One way to do this is to handle each constructor for a Region (and a Shape for those cases) and reflect those in the x-axis, i.e.
flipX :: Region -> Region
flipX (Translate (a,b) r) = Translate (a,-b) (flipX r)
flipX (Scale (a,b) r) = Scale (a,-b) (flipX r)
flipX (Complement r) = Complement (flipX r)
flipX (r1 `Union` r2) = (flipX r1) `Union` (flipX r2)
flipX (r1 `Intersect` r2) = (flipX r1) `Intersect` (flipX r2)
flipX (HalfPlane (x1,y1) (x2,y2)) = HalfPlane (x2,-y2) (x1,-y1)
flipX Empty = Empty
flipX (Shape s) = Shape (flipXShape s)
where flipXShape (RtTriangle a b) = RtTriangle a (-b)
flipXShape (Polygon vs) = Polygon (map ((x,y) -> (x,-y)) vs)
flipXShape s = s
And similarly (negating the x-coordinate) for flipY. Note that the order of points must change in HalfPlane, and should also be reversed in flipping a Polygon if we had the clockwise ordering constraint. Another way to solve this exercise is to use the Scale constructor on a Region:
flipX :: Region -> Region
flipX r = Scale (1, -1) r
flipY :: Region -> Region
flipY r = Scale (-1, 1) r
2 responses to “Exercise 8.7”
Wow, that Scale solution is really good one.
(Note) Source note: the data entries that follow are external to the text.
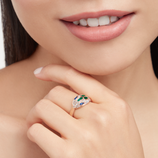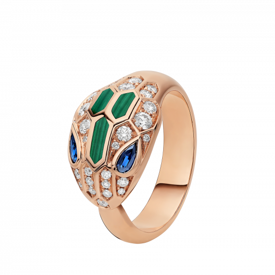 SERPENTIシリーズのリングは、精霊の蛇の自然な魅力を捉え、魔法の蛇の頭の魅力的な気質を表現し、大胆なスタイルと無限の魅力を融合させています。ブルガリは、女性の動く瞳からインスピレーションを得て、蛇の魅力的なポーズを再解釈し、瞳の間の魅惑的な魅力と抗えない気質に焦点を当てています。エレガンスと洗練さの中に、どこか危険な雰囲気を漂わせています。SERPENTIシリーズの18Kローズゴールドリングには、ブルーサファイア、マラカイト、パヴェダイヤモンドがセットされています。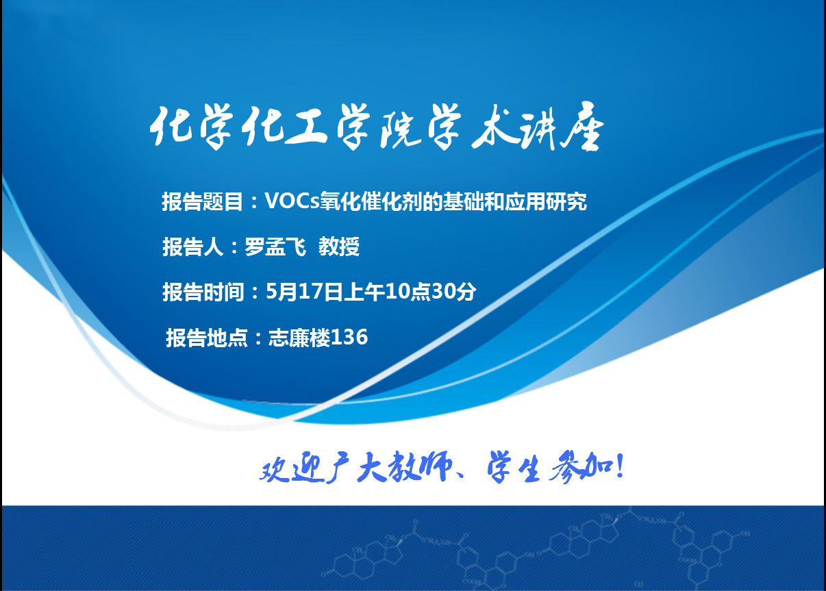 学术讲座通知——VOCs氧化催化剂的基础和应用研究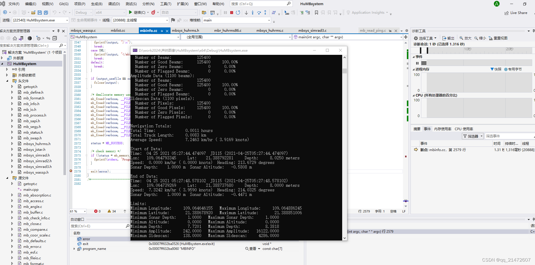 调试用的文件在MB-System-master\src\utilities文件夹下,选择mbinfo.cc与mblist.cc两个就够了,包含main()函数用于调试。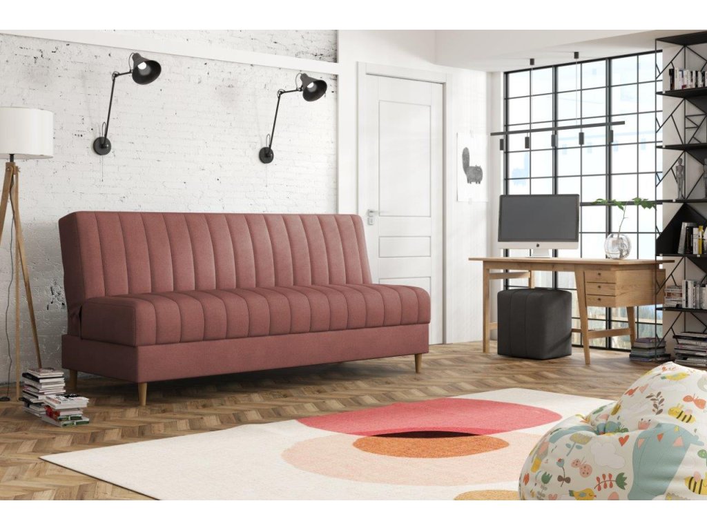 Pohovka Ejmy Mini v sobě spojuje eleganci, funkčnost a příznivou cenu. Je vyrobená v jednoduchém nadčasovém designu, který se hodí do každého inferiéru. Díky svým rozměrům se lehce vejde i do menší místnosti. Umístit ji můžete nejen do obývacího pokoje, ale také např. do pracovny, nebo hostinského pokoje. Pohovka je rozkládací. Jednoduchým rozložením získáte lůžko k občasnému přespání Vaší návštěvy. Samozřejmostí je i praktický úložný prostor, který můžete využít třeba na lůžkoviny. Pohovku nabízíme v několika barevných provedeních. Vyobrazené doplňky a dekorace nejsou v ceně.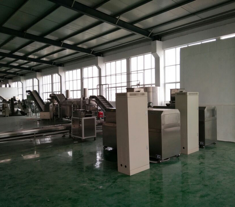 拌粉機→螺旋上料機→雙螺桿膨化機→整形切斷機→輸送機→提升機-稱斗-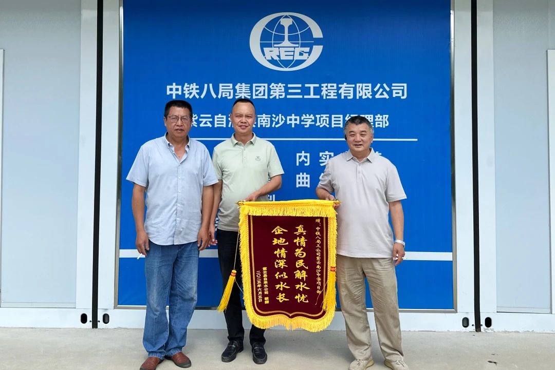 近日,紫云县自来水公司专程来到紫云南沙中学项目部,赠送了一面印有“真情为民解水忧 企地情深似水长”的锦旗,对项目部在关键时刻伸出援手,高效解决甘桥村村民停水难题表示诚挚感谢。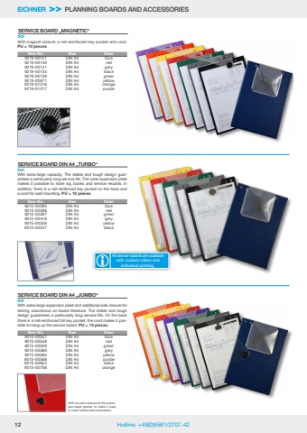12 Hotline: +49(0)9561/2707-42With extra-large capacity. The stable and tough design guarantees a particularly long service life. The wide expansion pleat makes it possible to store log books and service records. In addition, there is a net-reinforced key pocket on the back and a cord for wall mounting. PU = 10 piecesWith extra-large expansion pleat and additional side closure for storing voluminous on-board literature. The stable and tough design guarantees a particularly long service life. On the back there is a net-reinforced foil key pocket, the cord makes it possible to hang up the service board. PU = 10 piecesWith an extra closure of the expansion-pleat pocket to make it easy to insert bulkier documentation.SERVICE BOARD DIN A4 %u201eTURBO%u201c>>SERVICE BOARD DIN A4 %u201eJUMBO%u201c>>Item-No. Size Color9015-00395 DIN A4 blue9015-00396 DIN A4 red9015-00397 DIN A4 green9015-00416 DIN A4 grey9015-00336 DIN A4 yellow9015-00337 DIN A4 blackAll service boards are available with custom colors and individual printing.Item-No. Size Color9015-00557 DIN A4 blue9015-00558 DIN A4 red9015-00559 DIN A4 green9015-00560 DIN A4 grey9015-00565 DIN A4 yellow9015-00568 DIN A4 purple9015-00654 DIN A4 black9015-00706 DIN A4 orangeEICHNER >> PLANNING BOARDS AND ACCESSORIESWith magnet closure, a net-reinforced key pocket and cord.PU = 10 piecesSERVICE BOARD %u201eMAGNETIC%u201c >>Item-No. Size Color9219-00121 DIN A4 blue9219-00140 DIN A4 red9219-00141 DIN A4 grey9219-00134 DIN A4 black9219-00139 DIN A4 green9219-00671 DIN A4 yellow9219-01216 DIN A4 orange9219-01217 DIN A4 purple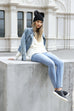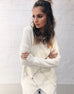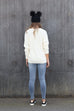 This subtle ribbed style features a relaxed body, weave detail on the front of the style, round neckline, and ribbed sleeve and hem panels.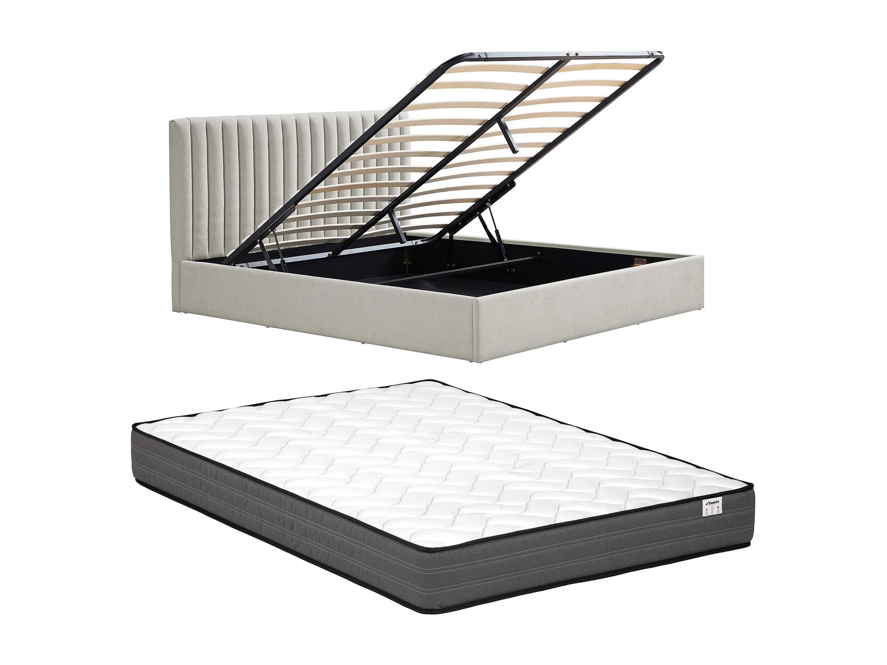 Lit coffre 160 x 200 cm – Tissu – Gris clair + Matelas - SARANELI

2 minor errors in the first solution:
> flipX (Scale (a,b) r) = Scale (a,-b) (flipX r)
flipX (Scale (a,b) r) = Scale (a,b) (flipX r)
> flipXShape (Polygon vs) = Polygon (map ((x,y) -> (x,-y)) vs)
flipXShape (Polygon vs) = Polygon (map (\ (x,y) -> (x,-y)) vs)